Lo rota no eres tú. Lo rota es la sociedad.
- 27 feb
- 2 Min. de lectura
Publicado por la Dra. Manuela Escobar | Doctora y Nutrióloga | 27 de Febrero de 2026

Vivimos en una cultura que ha normalizado el agotamiento. Es común estar estresado. Es común dormir mal. Es común vivir inflamado, ansioso, desconectado. Es común sentirse triste sin saber por qué. Y lo más preocupante: lo vemos como algo “normal”.

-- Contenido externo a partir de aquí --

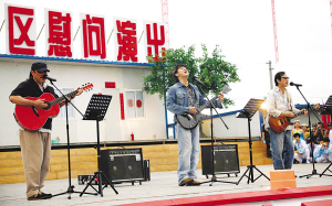 得知“心連心”前來演出,不大的擂鼓鎮(zhèn)廣場擠滿了 5000多名從四處趕來的北川人。上午9時,在導(dǎo)演兼主持人馬東的“吆喝”中,央視名嘴王小丫、張澤群、董浩、撒貝寧、韓喬生樂一一亮相,分別為災(zāi)區(qū)人民送上一句祝福。而最難得的場面是平時說比唱多的央視名嘴齊秀唱功。不過最搞笑的當屬“韓大嘴”,他一發(fā)聲,調(diào)不知跑哪兒去了,頓時笑翻全場。接下來,鞠萍、趙保樂的《為了誰》,郭峰演唱的《勝利》,孫悅等人演唱的《好人好夢》和觀眾進行了臺上臺下的熱烈互動,把現(xiàn)場氣氛推向高潮。
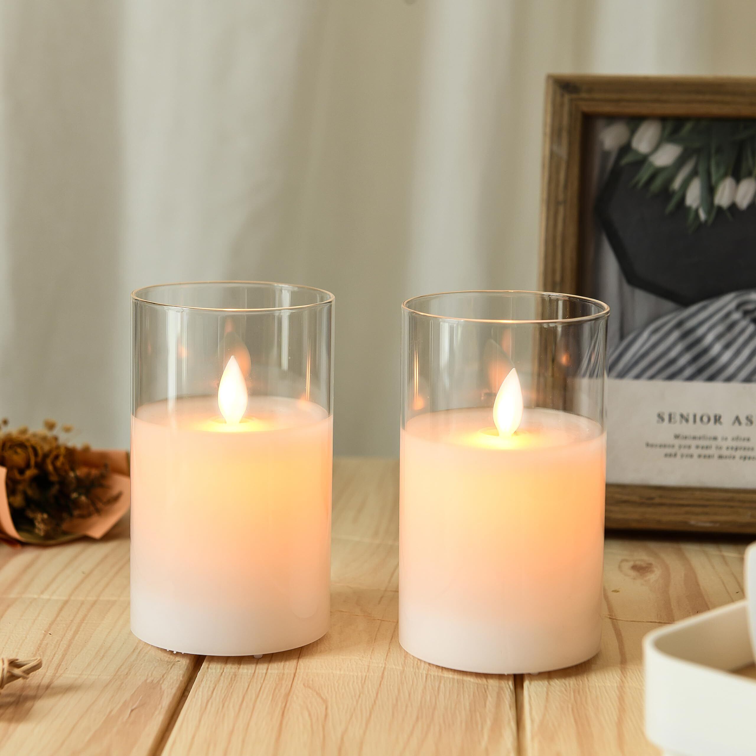【2点セット】AnnTec LEDキャンドルライト ロウソク 本物の炎のようにゆらめく 暖色光 火を使わない ゆらゆら揺れる 安全 省エネ 専用リモコン付き 明るさ調整 LEDロウソク LEDキャンドル 電池式 ガラス (直径7.5cm×高さ10cm) (ホワイト)

Pero cuando alguien decide hacer cambios —orar, leer, guardar silencio, cuidar su cuerpo, priorizar su paz mental— entonces parece extraño. Exagerado. Radical. La pregunta es: ¿Y si lo extraño no es sanar… sino vivir enfermos?
Normalizamos lo que nos enferma
Hemos aprendido a aceptar como parte de la vida:
Comida que no nos nutre
Alcohol como escape emocional
Sedentarismo
Exceso de pantallas
Desconexión humana
Niebla mental constante
Pero juzgamos al que elige disciplina. Al que se levanta temprano para moverse. Al que apaga el celular. Al que decide cuidar lo que piensa y lo que consume. La sociedad aplaude la productividad extrema, pero no el descanso. Celebra el ruido, pero incomoda el silencio.
Sanar se siente raro… porque no es común
Si hoy te sientes “diferente” por querer cambiar tu estilo de vida, por buscar a Dios, por trabajar en tu salud mental o por proteger tu energía, no estás mal. Estás despertando.
Despertar implica cuestionar lo que antes dabas por hecho. Implica incomodar sistemas que prefieren que sigas distraído.Implica elegir conscientemente. Y eso no siempre será comprendido por todos.
Tu salud es integral
Tu salud no es solo lo que comes. Tu salud es:
Lo que piensas
Cómo te hablas
Cómo te mueves
Con quién te rodeas
Lo que consumes mental y espiritualmente
El ritmo al que vives
El cuerpo refleja lo que el alma sostiene. La inflamación no siempre empieza en el intestino; a veces empieza en el estrés crónico, en la autoexigencia constante, en la desconexión interior.

Volver a lo esencial
Sanar no siempre significa añadir más cosas. Muchas veces significa quitar. Quitar ruido. Quitar hábitos que no te construyen. Quitar relaciones que drenan. Quitar distracciones que anestesian.
Todo lo anterior para volver a lo básico:
Movimiento diario
Comida real
Descanso profundo
Espiritualidad
Conexiones auténticas
Paz interior
No estás loco. No estás sola.
Si priorizar tu bienestar te hace sentir “diferente”, recuerda esto: No estás roto. No estás exagerando. No estás huyendo de la realidad. Estás eligiendo salud en una cultura que normaliza el desequilibrio. Y eso es valentía.